- Origin: Cheltenham, Gloucestershire, England, UK
- Genres: Pop-punk, skate punk, melodic hardcore
- Years active: 1996 – present
- Labels: Golf Records Not On Your Radio Go-Kart Records
- Members: Rob Crebbin Tom Saunders Simon Bayliss Bob Kilminster
- Past members: David Humphries Jon Priestley Jamie Oliver
- Website: www.4ftfingers.com

= 4ft Fingers =

English punk rock band

4ft Fingers (pronounced "four foot fingers") are an English punk rock band from Cheltenham, England, formed in 1996. They play very fast, melodic skate punk.

==History==
4 ft Fingers were formed in Cheltenham in 1996, although they did not become known as the 4ft Fingers until 1998. Previous band names included Subterfudge, West Bay Trash and The Drones. The original band lineup in 1998 was Rob Crebbin (guitar and vocals), Tom Saunders (guitar and vocals), Andy White (bass and vocals) and Magic Dave Humphries (drums). Although at this stage Dougie AKA Kyle Douglas who later became the bass player for the band, was a regular on the scene, as he was close friends with the band and worked at Pizza Hut with Rob and Tom. The year of 1998 to 1999 also saw the band add Alexis 'Lex' Llewellyn-Porter (trumpet) and Beth Rose (saxophone) to the band to play on the track Hopeless Romantic.

The mid nineties was a time of a minor musical revolution in Cheltenham. This period saw a number of high profile punk bands play in Cheltenham at The Attic or the Axiom including Snuff, Mad Caddies, Goober Patrol, Capdown and King Prawn. 4ft Fingers were normally the support act. They also played regularly alongside Spunge, a local ska/punk Band from Tewkesbury, Gloucestershire.

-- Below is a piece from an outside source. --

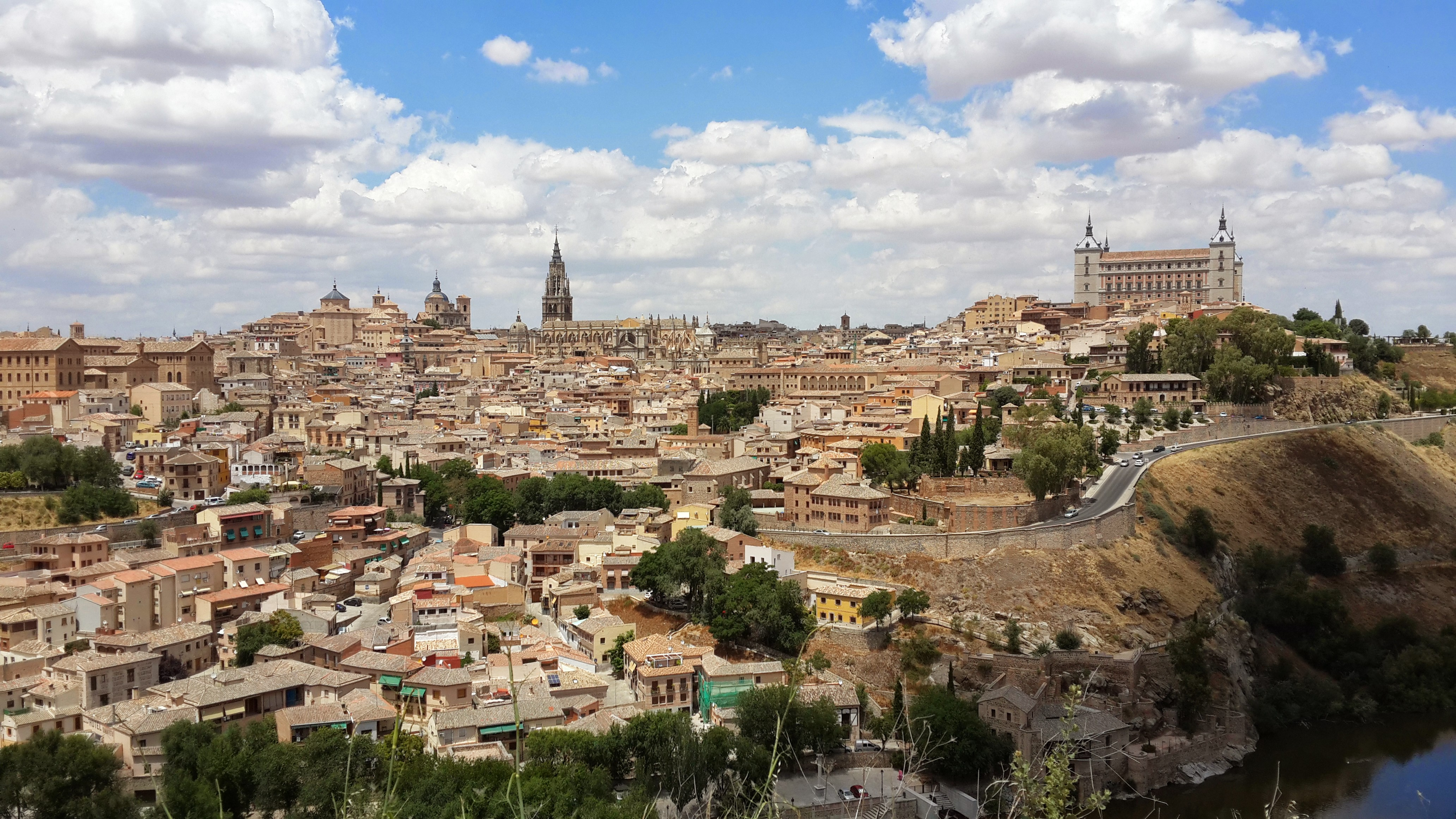 A view of Toledo, Spain
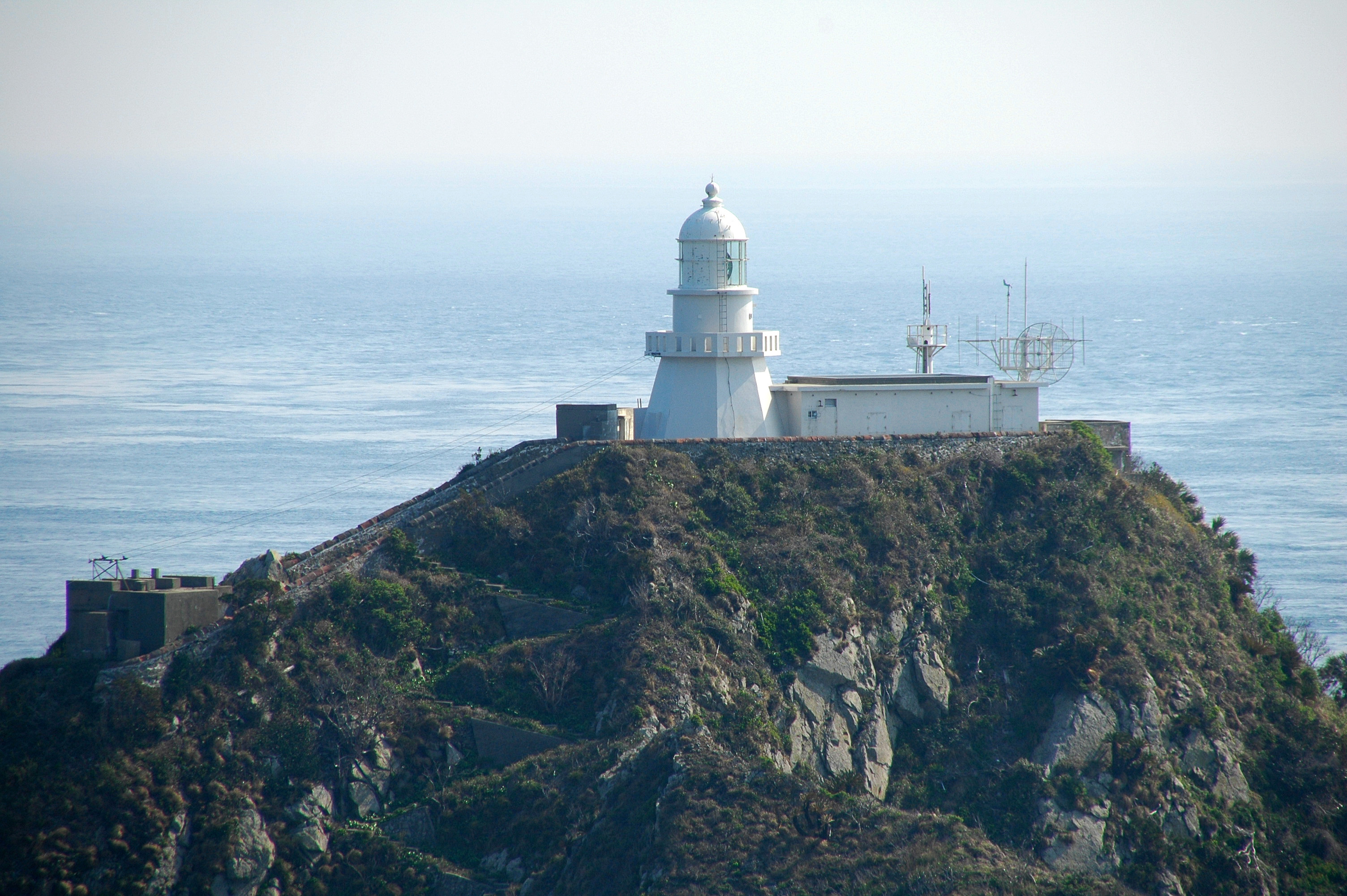 The south end "Sata Misaki lighthouse" in mainland in Japan. (Kagoshima Prefecture Minami osumi-cho. )

Lead singer Rob Crebbin stated in an interview that the name comes from the fact he has large hands and had an old rubber bat toy which sat on top of his television – "the [other band members] used to say he had fingers like mine and someone said they're 4ft Fingers and so we went with that". In 2001 the band recorded and later released their debut album At Your Convenience on Jamdown Records, which was followed by a tour consisting of 140 gigs throughout the UK. This tour caught the attention of Golf Record and in 2002 the band signed to Golf Records.

The band's second album, From Hero To Zero, was released in September 2002. This was then followed by another tour which included 40 gigs in the UK lasting until December that year.

In 2003 the band set out on a number of tours, including one in Europe, some dates included playing with Dead Kennedys and The Damned. The band was later invited on another European tour, this time with Voodoo Glow Skulls and Skindred starting in November and lasting for a total of six weeks.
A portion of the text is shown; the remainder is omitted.